The Metro Pacific and Ayala groups plan to bring in foreign partners into their railway consortium ahead of the awaited bidding for the Light Railway Transit 1 extension project under the government’s public-private partnership framework.
During the stockholders’ meeting of Metro Pacific Investments Corp. on Friday, company president Jose Ma. Lim said the MPIC-Ayala tandem would be the “bidder to beat” for the PPP projects to be rolled out by the government.
In an interview with the Inquirer after the meeting, MPIC chief finance officer David Nicol said the partners were very excited on the first project (LRT1) which, if successful, would be followed up by the Metro Railway Transit 3 project.
“We got a lot of interest from Korea and Japan to join our consortium,” Nicol said, referring to the prospective contract to build the LRT1 extension.
The MPIC-Ayala group also plans to get a different foreign partner for the operation of the elevated railway.
Nicol said talks were ongoing with prospective partners from Japan, Korea and Hong Kong. “We had a sort of advanced discussions with one experienced operator,” Nicol said.
He said the prospective partners could also boost the chances of the consortium in winning the bid.
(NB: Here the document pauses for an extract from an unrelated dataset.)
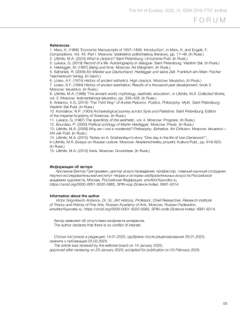 7. Лосев А.Ф. История античной эстетики: итоги тысячелетнего развития: в 2 кн. Кн. 2. М.: Искусство, 1994. 604 с. 8. Лифшиц М.А. Античный мир, мифология, эстетическое воспитание // Лифшиц М.А. Собрание сочинений: в 3 т. Т. 3. М.: Изобразительное искусство, 1988. C. 336-428.
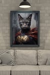 Unleash the power of paws with this heroic Super Cat Defender Wall Art! 🦸♂️🐱

“Having one of these companies (as partner) will help bring a better bid that’s more likely to succeed, so they’ll put an effort from day one,” Nicol said.
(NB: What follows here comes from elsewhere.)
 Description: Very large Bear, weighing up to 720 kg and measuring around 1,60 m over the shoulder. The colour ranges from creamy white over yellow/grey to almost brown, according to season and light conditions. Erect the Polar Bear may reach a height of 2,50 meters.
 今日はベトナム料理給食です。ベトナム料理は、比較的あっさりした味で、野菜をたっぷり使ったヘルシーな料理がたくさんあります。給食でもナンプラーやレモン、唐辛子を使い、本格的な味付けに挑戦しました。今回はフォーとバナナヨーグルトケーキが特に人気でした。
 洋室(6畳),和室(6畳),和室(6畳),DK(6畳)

The project will extend the existing 15-kilometer LRT Line 1 system southward by another 11.7 kilometers, starting the last southern station in Baclaran to Bacoor, Cavite.
The construction to be undertaken by the private sector partner in this PPP project is estimated to cost P30 billion. The total project cost, however, is seen to reach P59 billion because new coaches would be purchased to expand the capacity. The additional cost of P29 billion will be shouldered by the government using official development assistance financing.
The winning bidder will operate and maintain the train line for a number of years, allowing the company to recoup its investments through the collection of fares from passengers.
Nicol said it had always been a strategy within MPIC to bring in partners with expertise in various businesses, such as in the case of toll roads, water distribution and power generation.
“That reduces the execution risk … and that makes for better service and safer return for us,” Nicol said.
The newly created alliance between the Metro Pacific and Ayala groups is looking at 10 potential railway projects in Metro Manila under the master plan made by the government for urban railways.
Even outside of projects to be bid out under the PPP framework, MPIC expects growth to come in three waves over the rest of the decade with water distributor Maynilad Water Services leading the first; the toll road business under Metro Pacific Tollways Corp. (MPTC), the second; and Manila Electric Co., the third wave. The hospital group is also expected to maintain high growth.
“Growth over the next three to four years will be delivered by Maynilad, which is working on connecting the remaining 1.6 million customers in its concession area that are still not reached by its pipeline network. That represents a 20.2-percent growth in customer count,” Lim said, adding that additional billed volume was also expected from the higher consumption arising from the increase in water pressure.
The completion of several road projects in MPTC’s pipeline is seen providing impetus for 2016 and beyond.
Meralco’s plan to build 2,500 megawatts of power generating capacity in the medium term is seen boosting bottom line by 2017.